This study evaluated the effect of glutamate supplementation on the physiological parameters of heat-stressed Hu sheep. Forty-eight male Hu sheep with an average initial body weight of 17.74 ± 0.17 kg were randomly divided into two groups: The control group (CON) was fed a basal diet and a treatment group (GLU) was fed a basal diet + 3 g/head/day of L-glutamate. There were six replications in each group with four sheep in each replication for a 90 days feeding test. Growth performance, serum biochemistry, and serum hormones were measured during phase 1 (1–30 days), phase 2 (31–60 days), and phase 3 (61–90 days) of the experiment; rumen fermentation characteristics, nutrient digestibility, and slaughter performance were measured at the end of the experimental periods. There were no differences in growth performance, serum biochemical indices, and immune indices between CON and GLU during phases 1 and 2. However, a higher average daily gain (ADG), a lower average daily feed intake (ADFI), and a lower F:G ratio (ADFI/ADG) were observed in GLU during phase 3 (p < 0.05). Serum levels of glutamate, globulin, immunoglobulin A, immunoglobulin G, immunoglobulin M, and growth hormone in GLU were higher than those in CON only on day 90 (p < 0.05). Serum levels of heat shock protein 70, adrenocorticotrophic hormone, corticosterone, triiodothyronine, and tetraiodothyronine in GLU were lower than those in CON on day 90 (p < 0.05).
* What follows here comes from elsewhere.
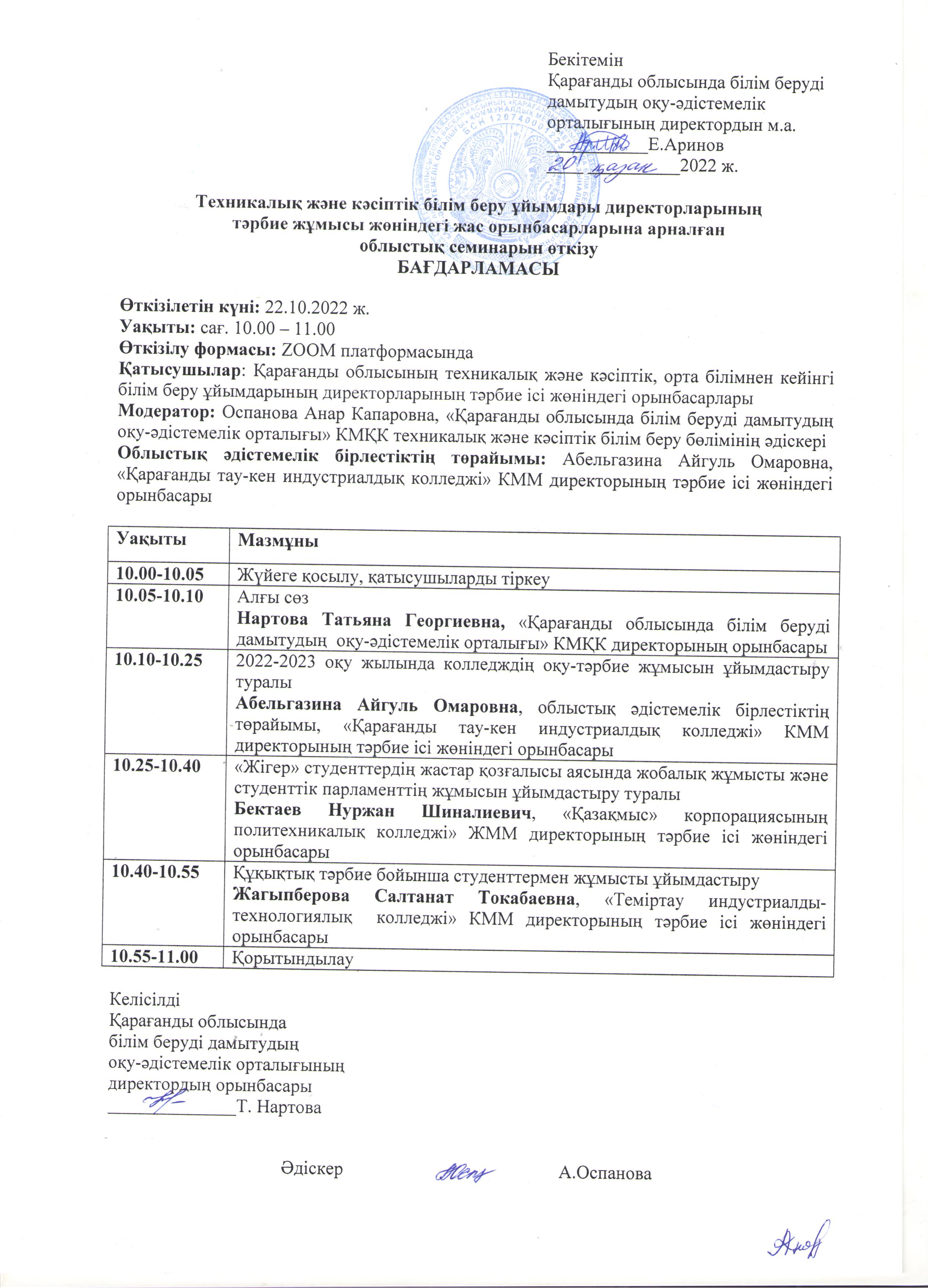• ҚО ББД ОӘО директорының баяндамалары

At the end of the experiment, ruminal pH, microbial crude protein, ammonia nitrogen, and isovalerate concentrations in GLU were higher than those in CON (p < 0.05). The apparent digestibility of dry matter, organic matter, and crude protein in GLU was higher than those in CON (p < 0.05). There were no differences in carcass traits and organ indices but spleen weight and spleen index tended to be higher in GLU. In conclusion, dietary glutamate supplementation improved rumen fermentation, increased nutrition digestibility and metabolism, enhanced immunity, and promoted growth performance of heat-stressed Hu sheep. This suggests that a longer period of glutamate supplementation (not less than 60 days) at a level of 3 g/head/day is beneficial to Hu sheep under heat stress.

Introduction

Hu sheep, commonly farmed in southern China, are renowned for their high fecundity and early sexual maturity (1). Heat stress decreases livestock productivity and fertility, and increases the disease susceptibility and mortality (2), making it one of the most difficult challenges in Hu sheep management in southern China. Heat stress inhibits protein synthesis and increases protein hydrolysis in animals (3). Degraded muscle protein supplies energy by providing amino acid (AA) substrates delivered to the liver in a process called gluconeogenesis (4). Heat stress decreases the plasma AA content (5) and increases the loss of endogenous intestinal proteins and AAs (6). Therefore, AA supplementation may be a beneficial approach to relieve heat stress in animals.

Glutamate is a functional AA. As the central hub of AA nitrogen exchange, it promotes the synthesis and degradation of proteins (7) and participates in cellular signal transduction, gene expression regulation, and metabolic cascades (8, 9). Glutamate enhances the intestinal and immune function of suckling and weaned piglets (10), and improves the productivity of pubertal rams and nulliparous ewes (11). However, the function of glutamate may be related to the physiological conditions and dosage of the supplement (10). A previous study has shown that glutamate is beneficial for enhancing the thermodynamic stability of protein ribonuclease A and α-lactalbumin for resisting temperature stress (12). Glutamate requirements are increased in heat-stressed broilers, therefore, supplementation of glutamate or its decarboxylated products (γ-GABA) can improve the intestinal morphology and survivability of broilers under heat stress (13, 14). Generally, AAs can be synthesized by rumen microorganisms and the supplementation of AAs to ruminants is unnecessary. However, under heat stress, the absorption and utilization of AAs are altered in ruminants, resulting in their reduced availability (15). In ruminants, glutamate may help to stimulate the rumen microbial growth in vitro, whereas deficiency of glutamate reduces the rumen microbial growth and efficiency (16, 17). Further, glutamate plays a vital role in generating α-ketoglutarate in the tricarboxylic acid cycle of rumen epithelial and duodenal mucosal cells in beef cattle (18). Glutamate may relieve heat-stress-induced intestinal epithelial cell damage in dairy cattle (19). However, little research has focused on the application effect of glutamate supplementation on ruminants, especially on sheep under heat stress.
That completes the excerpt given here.